Based on these insights, the following recommendations can be made to improve reliability in the NERC regions:

◾ The WECC region should focus on improving its infrastructure and operations to reduce the risk of events. This could include investments in new transmission lines and substations, as well as improved operating procedures.

◾ The SERC region should focus on improving its resilience to demand loss. This could include investments in distributed generation and energy storage, as well as improved demand response programs. ➖➖➖➖➖➖➖➖➖➖➖➖➖➖➖➖➖➖➖➖➖➖➖➖➖➖➖➖➖➖➖➖➖➖➖


✔# Page 3. Area Affected Analysis: undefinedIn this page I analyze only AREA related kip's charts and visuals that's why I named this Area Affected Analysis:

✨#Insight 1: California has the most events:

◾ California had the most events, with 282 events occurring between 2002 and 2023. This represents 13% of all events with a loss. Of these events, 282 resulted in a loss, which also represents 13% of all events with a loss.

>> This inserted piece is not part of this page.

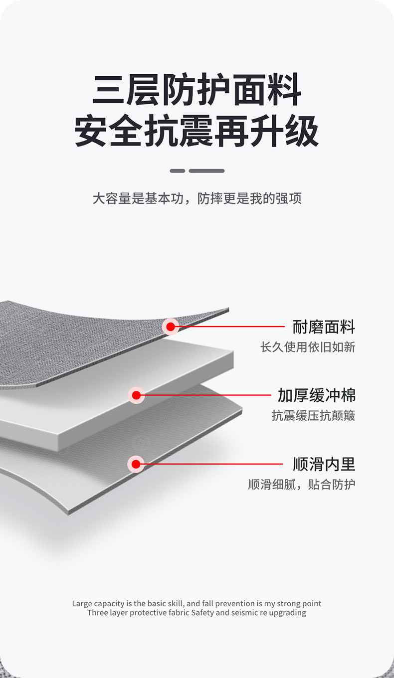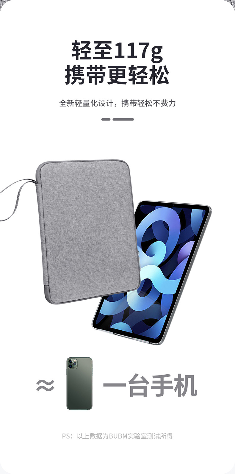 货号: BM01211003A 功能: 透气,防水,耐磨 材质: 蚂蚁布 上市年份季节: 2022年夏季 颜色: 灰色,黑色,深蓝色 尺寸: 10.9英寸,12.9英寸 品牌: BUBM 有可授权的自有品牌: 是 风格: 都市简约 容纳电脑尺寸: 12英寸 重量: 0.5 kg/个 装箱信息:长宽高:10X10X10cm 装箱重量: 1KG 装箱数量:5pcs

◾ California also had the most customers affected, with around 42 million people affected. This represents 11% of all customers affected.

✨#Insight 2: Carolinas has the most demand loss

◾The Carolinas had the most demand loss, with 247,000 megawatts lost. This represents 14% of all demand loss.

✔#Recommendations:

Based on these insights, the following recommendations can be made to improve reliability in the areas affected:

◾ California should focus on improving its infrastructure and operations to reduce the risk of events. This could include investments in new transmission lines and substations, as well as improved operating procedures.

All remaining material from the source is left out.